We the People of the United States, in Order to form a more perfect Union, establish Justice, insure domestic Tranquility, provide for the common defence, promote the general Welfare, and secure the Blessings of Liberty to ourselves and our Posterity . . . .
The Constitution of the United States, Preamble
You earn the money the government spends. The only way the government can obtain money is through taxation, and regardless of whom the government claims it is taxing, ultimately, the people pay all of the taxes.
A common misconception is that both people and companies pay taxes to the government. This is false. While the government certainly collects taxes from companies, people ultimately pay those taxes.
Consider a shoe store that sells a pair of shoes for $100. Suppose that there is no government and so no taxes of any sort. Suppose further that of the $100 the store receives for the shoes, $50 go to the manufacturer who made the shoes, $20 go to various companies to pay for overhead (rental on the floor space, racks, display cases, electricity, phone service, etc.), $15 go to the store’s employees, and $15 go to the stockholders and bondholders who invested the money to create the business. Now, suppose that a government springs into being and begins taxing the shoe store $5 per pair of shoes sold.
There are only four things the shoe store could do to pay the tax.
- The store could charge $5 more for the shoes.

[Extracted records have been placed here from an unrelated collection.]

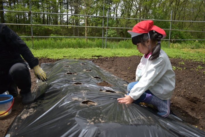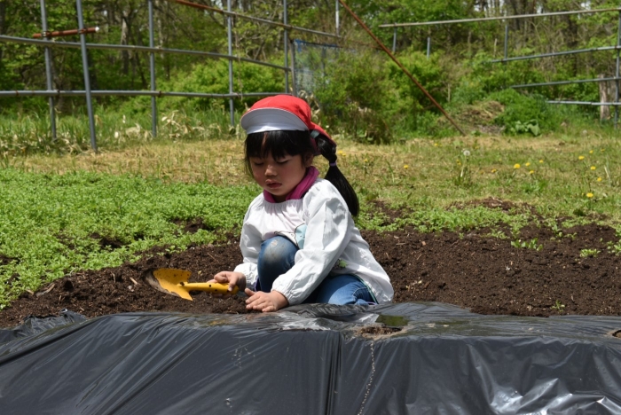 年長組は,種イモを自分で選び,切り口に草木灰を付ける作業から行いました。尚且つ,今までで一番多い数の種イモを植付けましたが,大変だけど頑張る!難しいことにも挑戦!! そんな意欲的な姿で最後まで自分の力で取り組んでいました。植え終わった後には何ともいえない達成感が☆彡 豊作への願いを込め,畑全面に全力パワーも注ぎ込みました。 ジャガイモの他,食べたい育てたいと言っていた野菜を10種類植える予定の年長組。栽培体験でも,様々な感情体験・感動体験を味わっていければと思います。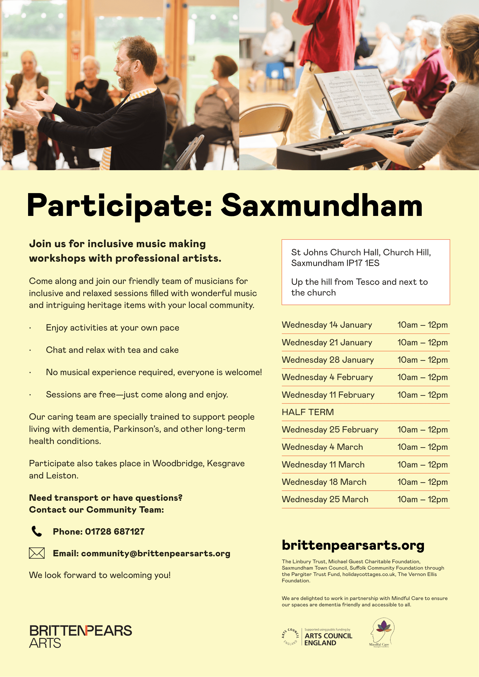 St Johns Church Hall Church Hill, SaxmundhamCome and explore objects and music with our friendly team of workshop leaders and musicians. These sessions will bring you together with others in your local community, providing an opportunity to take part in activities and connect over tea and cake. Sessions last for two hours and tea and cake is provided. No musical experience […]
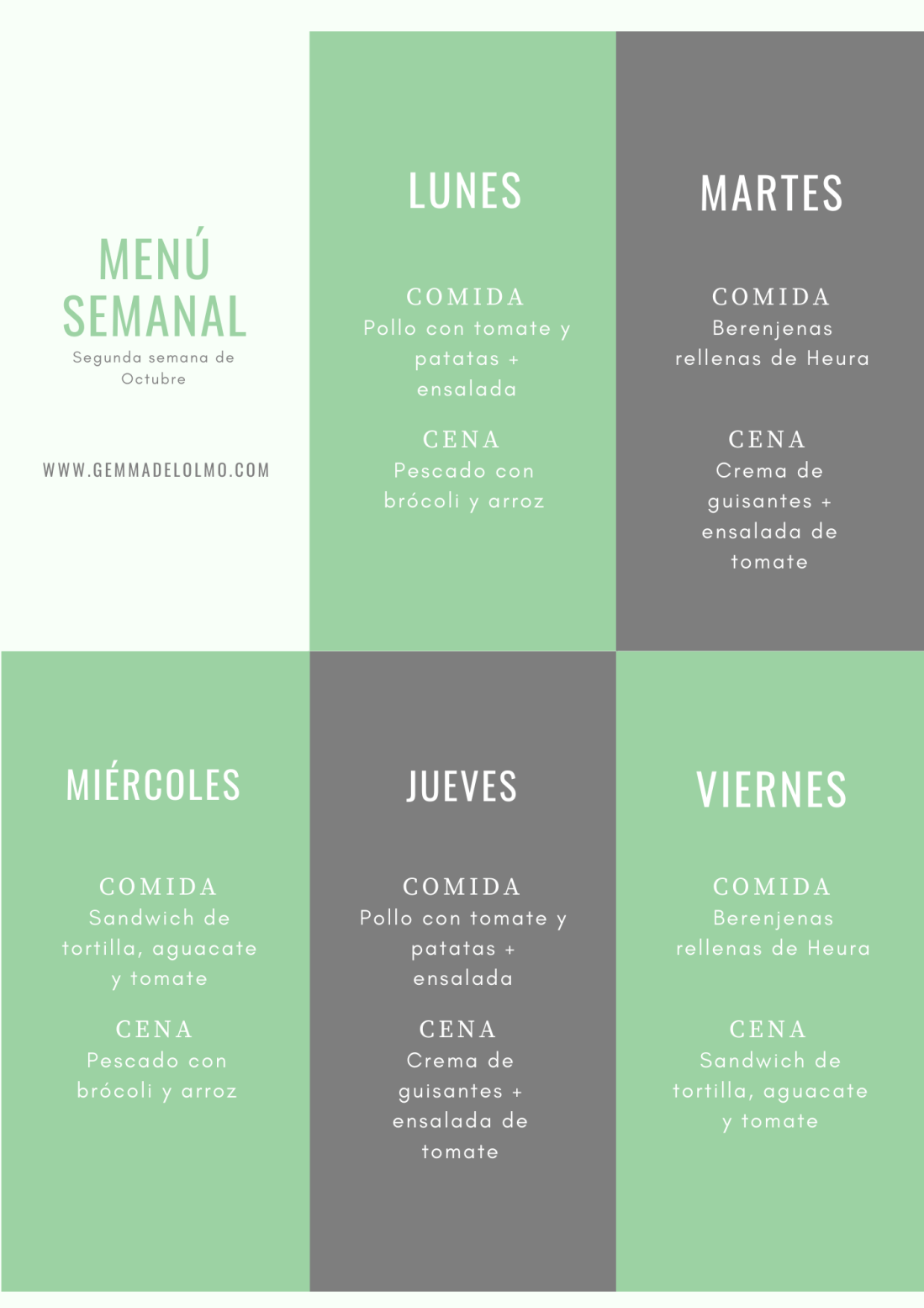 ¡Por fin está aquí un nuevo menú semanal! Además le he dado un nuevo formato. Esta semana tenemos pollo con tomate, crema de guisantes, berenjena rellena... y un par de platos para preparar al momento.

- The store could pay its stockholders and bondholders $5 less in dividends and interest,
- The store could cut its employees’ pay by $5, or
- The store could negotiate with the manufacturer or the various firms to cut $5 off the price of the shoes or the overhead.
There is no other way the store can come up with the $5 tax. The store must do one (or a combination) of these four things.
Observe who pays the tax in each of these four cases. If the store increases the price of the shoes by $5, then the store’s customers will have paid the tax. Yes, the government would collect the tax from the shoe store, but if the store raises the price of its shoes $5 in response to the $5 tax, then the customers are actually paying the tax. If the store pays its stockholders and bondholders $5 less, then the stockholders and bondholders will have paid the tax. If the store pays its workers $5 less, then the workers will have paid the tax. If the store negotiates a lower price from the manufacturer or lower rental from the landlord, then the manufacturer or the landlord will have paid the tax. In each case, it appears that someone other than the shoe store pays the tax. People either pay taxes directly, or they pay indirectly through higher prices, lower returns on investments, or lower wages. Even taxes that companies pass on to other companies, as in the case of the shoe store negotiating a reduced price from the manufacturer, are paid by people because those companies will pass the tax on to their customers, investors, or workers.